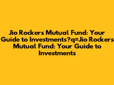 What is Jio Rockers Mutual Fund? Unveiling Investment Opportunities
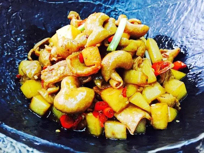 ▲酸萝卜焖肥肠是一道开胃下饭的好菜,酸脆的萝卜丁和肥肠一起爆炒焖烧,味型互补,香辣爽口。
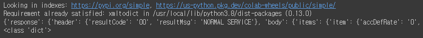 !pip install xmltodict #xmltodict모듈을 사용하기위해 xmltodict패키지 설치
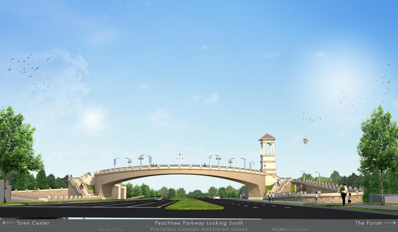 Announced in January, the bridge would provide a walkway over Peachtree Parkway and connect Town Center with the The Forum.
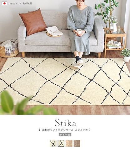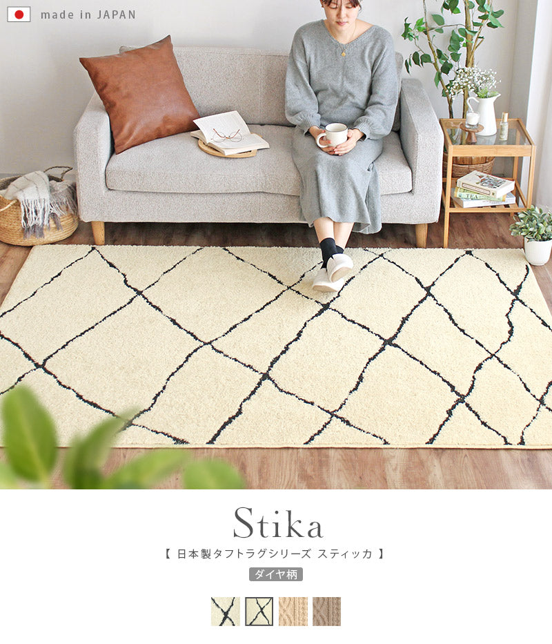 日本製 タフトラグ スティッカ ダイヤ柄 0.7畳~3畳
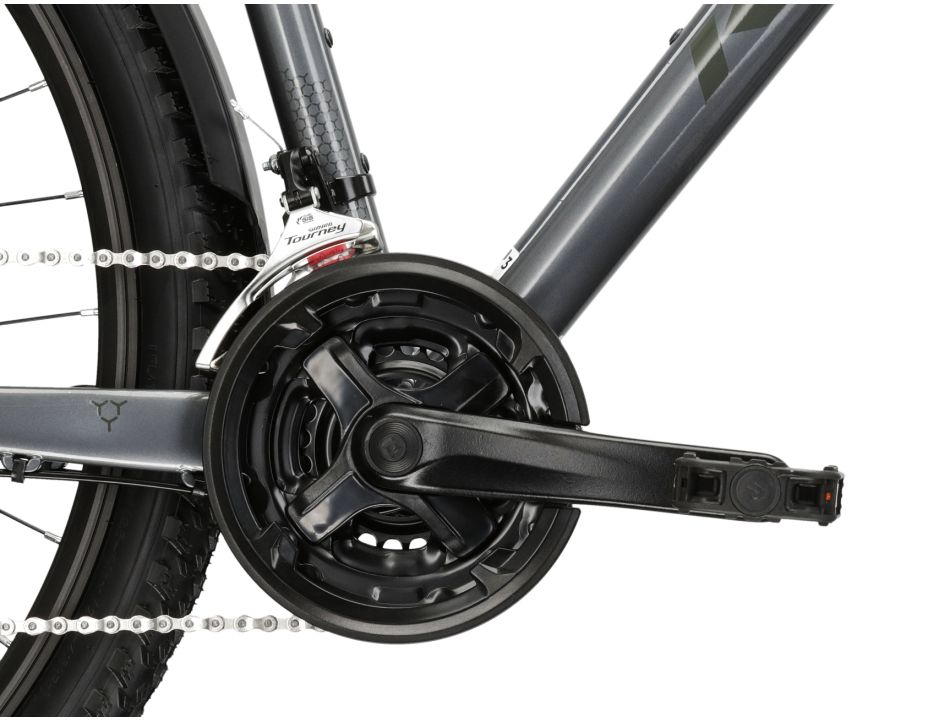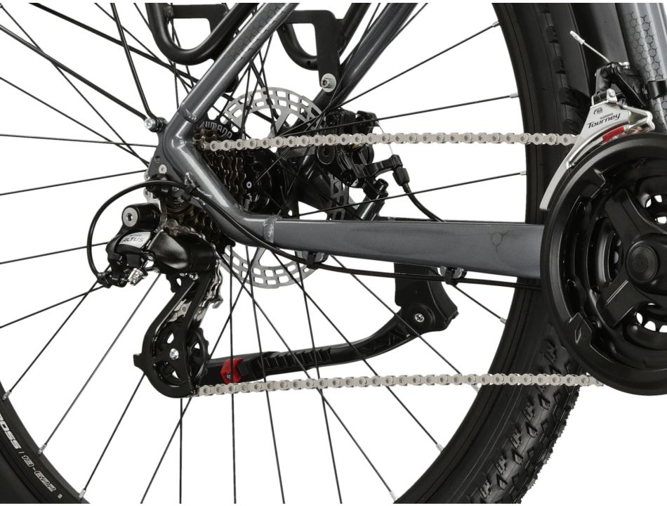 Napęd SHIMANO 3×7 oferuje aż 21 przełożeń, co umożliwia wygodną jazdę zarówno po płaskim, jak i na bardziej wymagających podjazdach. Tylna przerzutka Altus oraz manetki Shimano zapewniają płynną i powtarzalną zmianę biegów w każdych warunkach.
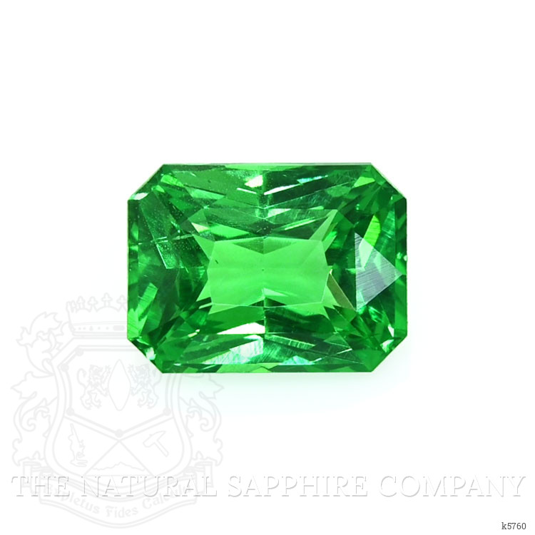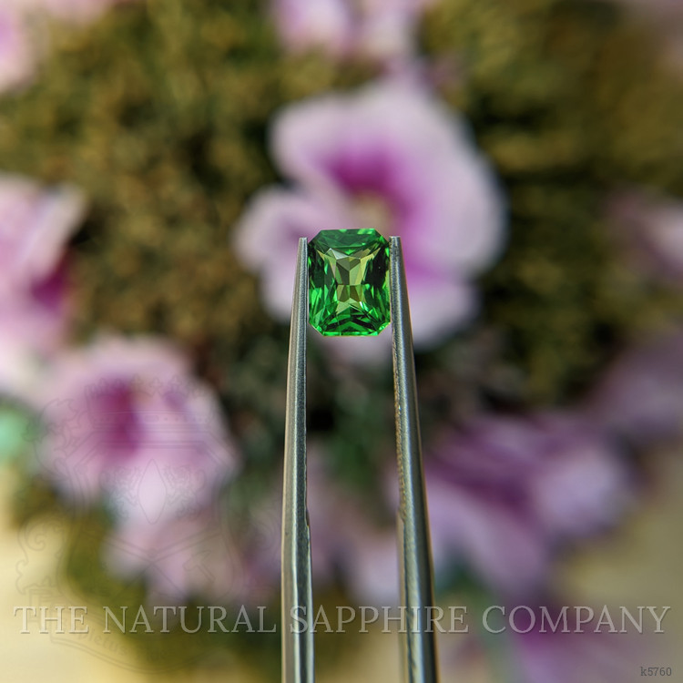 The intricacies of this stunning tsavorite garnet, available exclusively from The Natural Gemstone Company, are truly remarkable. Measuring 6.86 x 5.11 x 3.50 mm and weighing 1.11 carats, this gemstone showcases the exceptional qualities that set it apart from more common gemstones. At the heart of its allure lies the radiant shape, a sophisticated variation of the classic rectangular step cut that maximizes brilliance and intensifies color saturation. This tailored faceting style plays a significant role in amplifying the stone's vivid green hue, making it an exquisite choice for discerning buyers who understand the nuances of gemstone cuts and their influence on visual appeal.
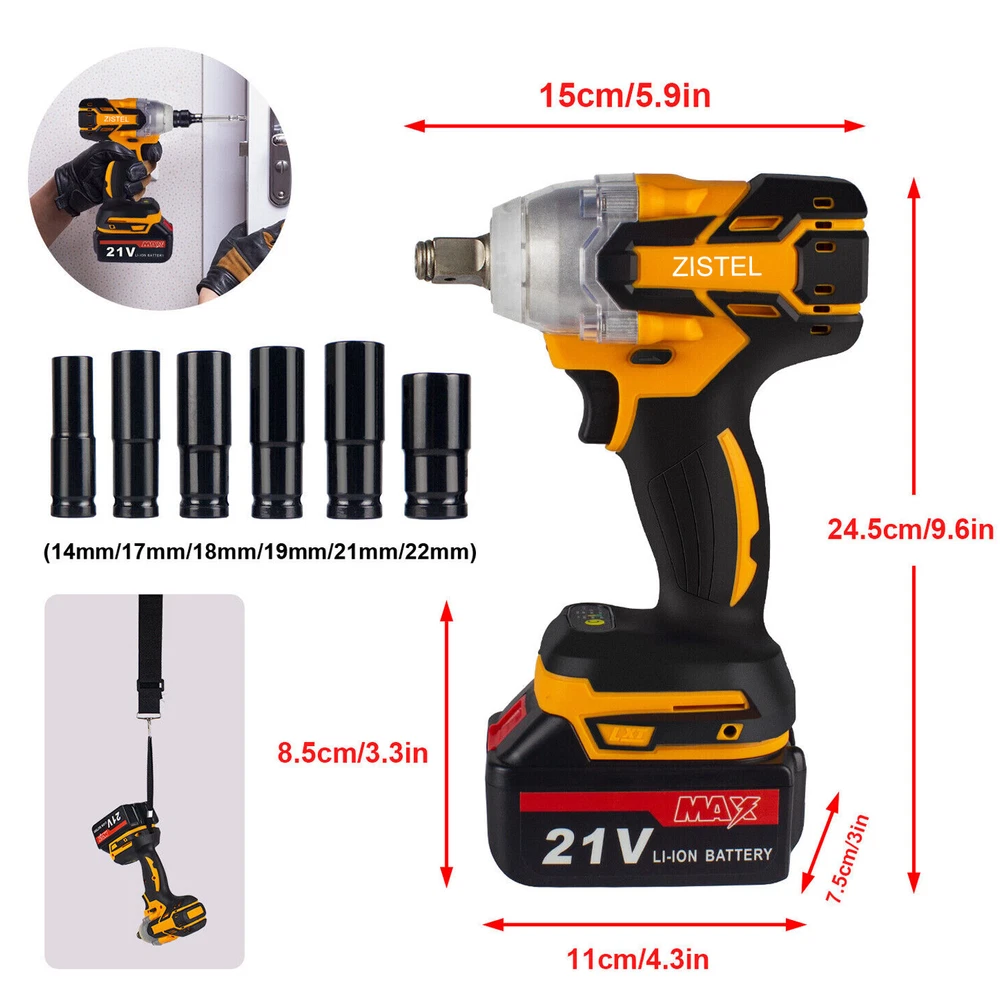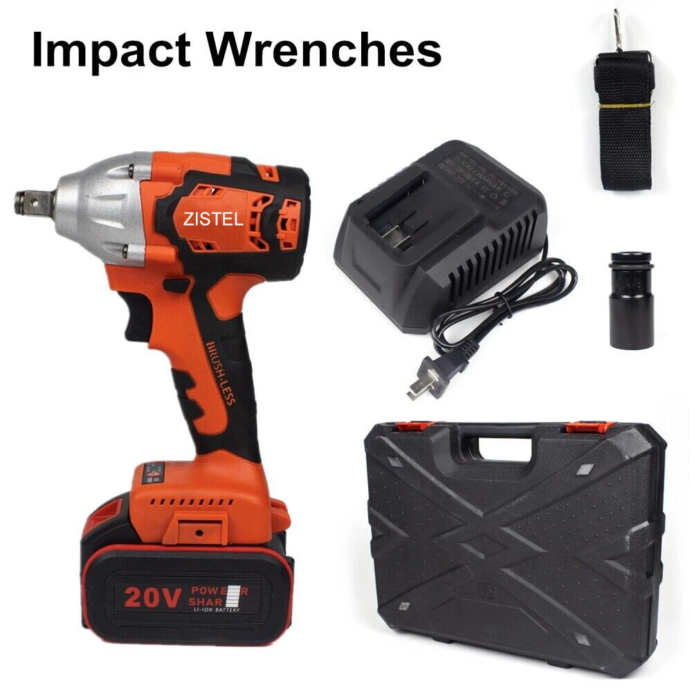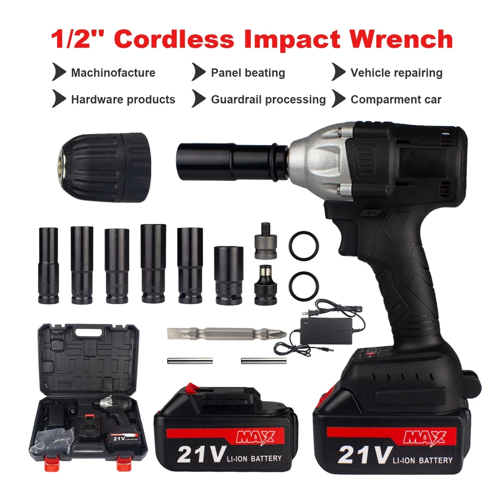 1/2'' Electric Impact Wrench Gun Cordless w/ Li-ion Battery High Power Driver Product Description Features: · Powerful Cordless Power Impact Wrench: This Impact Wrench has a powerful brushless motor, delivers a maximum torque of 520 N.M for fastening various applications. No load maximum speed of 2500r/min(frequency 1500r/min) for driving large fasteners quickly and easily. · Brushless Motor: Brushless motor for higher performance and durability with increased efficiency and runtime, less noise and sparkles compared to brushed motor. · Multi-Functional Cordless Impact Wrench, which can directly transform to Cordless Drill & Screwdriver,meet your work needs anytime, anywhere.It is equivalent to buying three tools at one price. · Configuration: Come with 3Ah Li-Ion Battery, which can last for 1.5-2H hours.The impact wrench have 2/3-speed & stepless speed, you can adjust the speed at any time. Equipped with LED light, there is no hindrance to work in a dark environment. · Forward / Reverse Button: enables easily change rotating direction,can be used for tightening or loosening nuts and bolts. Robust design combines with aluminum alloy housing which prevents damage to the tool. · Come with 14mm 17mm 18mm 19mm 21mm 22mm Wrench Sockets(Only Black,Yellow): different sockets used to be tighten or loosen the nuts and bolts, suitable for automobile repair, engineering maintenance and other applications.Come with a Tool Box as well,easy to carry and storage. · Humanized design: Light weight and compact size suitable for a variety of environments; Handle designed more comfortable and better grip. Specifications: · Voltage: 21V Li-ion Battery / 20V Li-ion Battery · Motor Type: Brushless · Speed: 2 / 3-Speed & Stepless Speed · Frequency Speed: 0-1500r/min · Max.Speed: 0-2500r/min · Max. Torque: 520 N.m · Wrench Chuck:1/2" · Drill Chuck:0.8-10mm / 3/8" · Powered Source: Battery Powered · Battery Capacity:3 Ah Li-Ion · Battery Qty:1 PC / 2 PCS · Working Time: 1.5-2 hours · Charging Time: 3-4 hours · Input:100-240V - 1.0MAX,50-60Hz · Output:21V 1.2ADC · Material: Metal&ABS Plastic · Socket Size: Black, Yellow: 14mm 17mm 18mm 19mm 21mm 22mm / Orange: 22MM Battery Tips: 1. Before first using,please make sure fully charge(3-4 hours) the battery to activate battery performance. 2. Keep the battery away from water,do not pound the battery violently. 3. If you encounter any problems during use, please let us know as soon as possible and our team will help you. Black + 2 Batteries Package Includes: 1 x 21V Impact Wrench 2 x 3Ah Li-ion Batteries 1 x Charger 6 x Socket Sleeve (14mm/17mm/18mm/19mm/21mm/22mm) 1 x Drill Adapter 1 x Drill Connector 1 x Hex Screwdriver Adapter 1 x Hex Screw Bit 1 x Rubber Ring 1 x Latch 1 x Portable Tool Box 1 x User Manual Yellow + 1 Battery Package Includes: 1 x 21V Impact Wrench 1 x 3Ah Li-ion Batteries 1 x Charger 6 x Socket Sleeve (14mm/17mm/18mm/19mm/21mm/22mm) 1 x Drill Adapter 1 x Drill Connector 1 x Hex Screwdriver Adapter 1 x Hex Screw Bit 1 x Rubber Ring 1 x Latch 1 x Adjustable Shoulder Strap 1 x Portable Tool Box 1 x User Manual Orange + 1 Battery Package Includes: 1 x 20V Impact Wrench 1 x 3Ah Li-ion Battery 1 x Charger 1 x 22mm Socket Shipping Policy All packages will be shipped within 1 business day. Notification of shipment will be sent to buyer through email on the same day that your item is shipped. We will ship this product via Standard shipping services. Normally, It takes * 1-3 business days to the Western United States * 4-6 business days to the Eastern United States However, please note that there are certain circumstances that we unfortunately can not have control i.e. weather condition, delay by post office, Sundays, National Holidays, etc. Besides, we don't arrange shipment on weekends. We appreciate your great understanding.

## [TASK STATEMENT]
With pictures excluded, reproduce exactly the lines above from the one containing "Announced in January, the" down to the one containing "The intricacies of", those two included.

## [RESPONSE TO THIS TASK]
 Announced in January, the bridge would provide a walkway over Peachtree Parkway and connect Town Center with the The Forum.
 日本製 タフトラグ スティッカ ダイヤ柄 0.7畳~3畳
 Napęd SHIMANO 3×7 oferuje aż 21 przełożeń, co umożliwia wygodną jazdę zarówno po płaskim, jak i na bardziej wymagających podjazdach. Tylna przerzutka Altus oraz manetki Shimano zapewniają płynną i powtarzalną zmianę biegów w każdych warunkach.
 The intricacies of this stunning tsavorite garnet, available exclusively from The Natural Gemstone Company, are truly remarkable. Measuring 6.86 x 5.11 x 3.50 mm and weighing 1.11 carats, this gemstone showcases the exceptional qualities that set it apart from more common gemstones. At the heart of its allure lies the radiant shape, a sophisticated variation of the classic rectangular step cut that maximizes brilliance and intensifies color saturation. This tailored faceting style plays a significant role in amplifying the stone's vivid green hue, making it an exquisite choice for discerning buyers who understand the nuances of gemstone cuts and their influence on visual appeal.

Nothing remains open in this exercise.